Lanzmann vs. Rosenbaum vs. Hitler

I’m almost at the end of  Ron Rosenbaum’s massive search for Hitler–or, more precisely, for what made Hitler Hitler? The book, entitled Explaining Hitler, is less an attempt to explain Hitler than to come to grips with various threads of Hitler explainers who have spent much of their lives grappling with the Hitler enigma. It’s well-nigh impossible to contemplate the Shoah without some attempt at explanation: it was the product of German anti-Semitism (Daniel Goldhagen), Christian anti-Semitism (Hyam Maccoby), Adolf Hitler’s personal passion for Jew-hatred (Lucy S. Dawidowicz)…then there are those who downplay Hitler’s role, blaming the Inevitable Forces of History for the murder of six million Jews, or those who add that many Catholics, Romany and homosexuals were killed as well, in an attempt to steal back their greatest tragedy from the Jews and “universalize” it (or de-Judaize it).

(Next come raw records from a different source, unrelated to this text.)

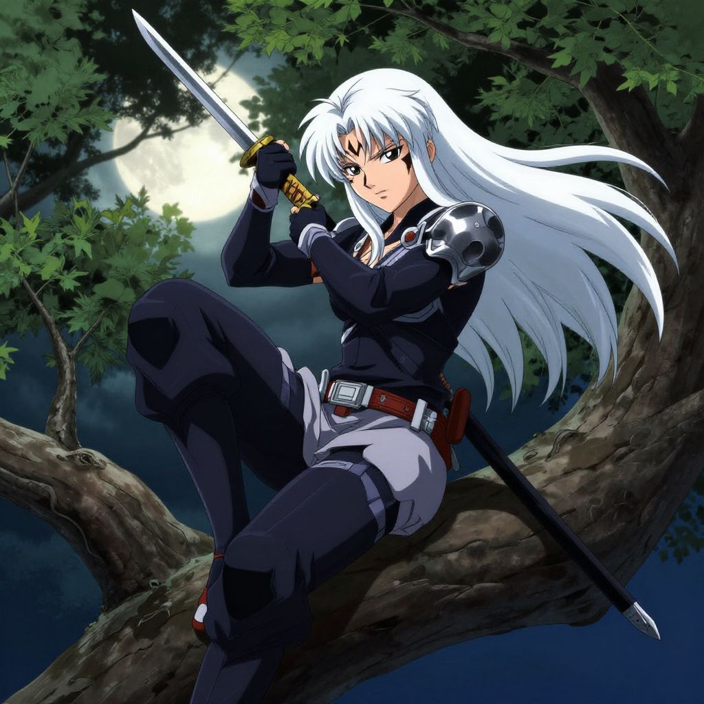 White hair ninja anime heroine perched silently on a tree branch, moonlight filtering through leaves, elegant and lethal pose with dual daggers, detailed facial markings and armor, serene yet tense mood with dynamic shadows, vibrant anime art style with a hint of fantasy.
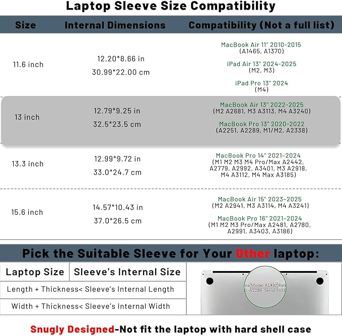 - Dimension: External dimensions: 13.19 x 9.84 x 0.2 inches. Internal dimensions: 12.79 x 9.25 inches. Please measure before purchasing. (The width and length of your laptop should be less than the internal width and length of the sleeve). If the computer comes with a hard case, you will need to add the case dimensions to the measurement
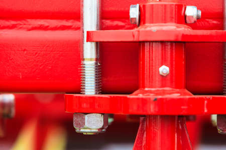 Agriculture equipment concept. Abstract detailed close up of red machinery.
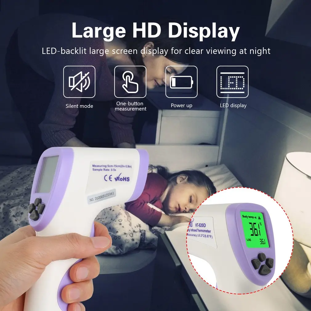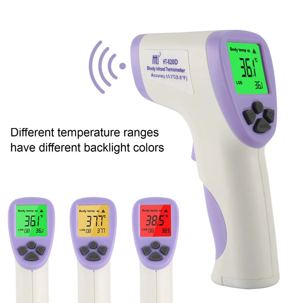 Этот продукт представляет собой портативный Бесконтактный инфракрасный термометр для тела с двумя режимами измерения: температура тела и температура поверхности тела. Его функции: Различные температурные диапазоны имеют различные цвета подсветки, автоматическое выключение и так далее.
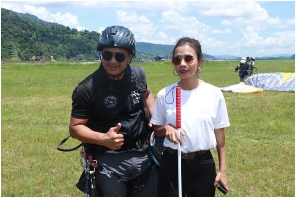 शारीरिकरूपमा दृष्टिविहीन सुनिता त्रिभुवन अन्तर्राष्ट्रिय विमानस्थलमा टेलिफोन ‘अपरेटर’को काम गर्छिन् । ‘ब्लाइन्ड रक’ संस्थाको सदस्यसमेत रहेकी उनी प्याराग्लाइडिङको अनुभवका लागि आइतबार दिउँसो पोखरा आएकी थिइन् ।
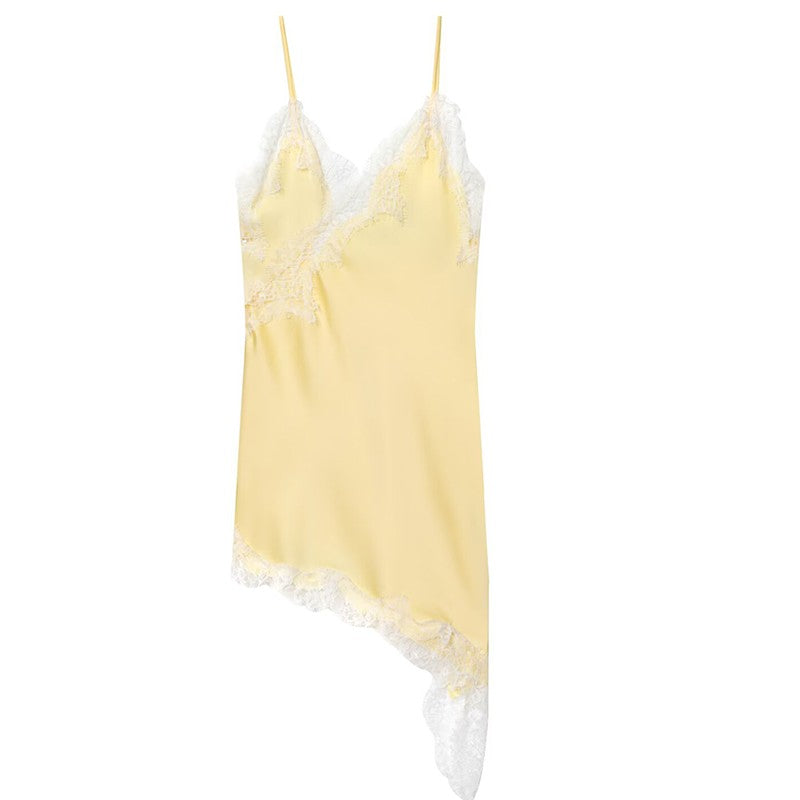 HXAO Female Lace Dress Sleeveless Slip Short Dresses Women Summer Asymmetric Elegant Night Dresses Backless Sexy Evening Dress
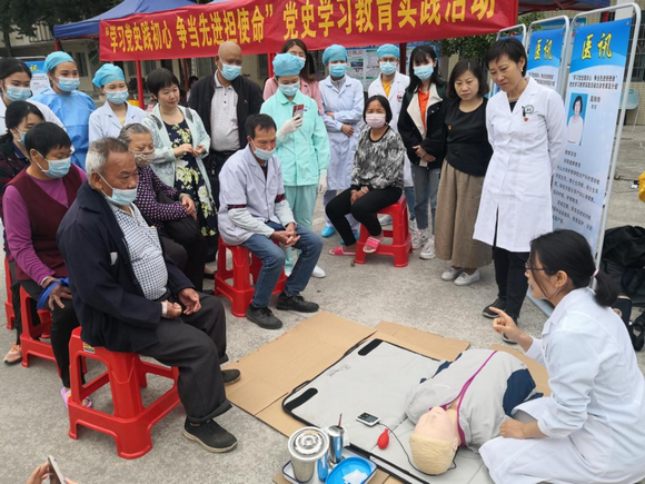 4月10日,学院党委组织师生党员到三水区南山镇为基层群众开展义诊和急救科普宣传(来源:护理学院)
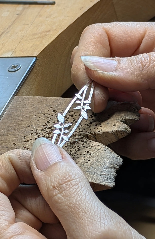 Je travaille de manière totalement artisanale, de A à Z. Du premier croquis sur papier à la dernière touche de polissage, chaque étape de la fabrication est réalisée à la main. La création artisanale c’est prendre le temps, avec patience et amour, de créer quelque chose d’unique. J’utilise des matériaux nobles comme l’argent, l’or et des pierres précieuses ou semi-précieuses.

One of the most peculiar of Rosenbaum’s subjects is Claude Lanzmann, director of the 9 1/2 hour film Shoah. Lanzmann finds all attempts at explanation obscene, and Rosenbaum aptly titles his chapter on Lanzmann “The War Agianst the Question Why.” But why declare war on those like Rosenbaum (and most of us nerds) who ask the forbidden question, why? Lanzmann’s metaphor is itself lifted from Primo Levi, a man who knew first-hand from Auschwitz (unlike Lanzmann): “Here there is no why,” a German guard maliciously quips to the young Levi, who was only asking why the guard wouldn’t let him have the icicle he’d noticed hanging from the roof of his barracks. Lanzmann turns this into a kind of “eleventh commandment”–thou shalt not ask why. I find Lanzmann’s logic (if there is any) puzzling, to say the least, and tend to shy away from mystic auras, in any case.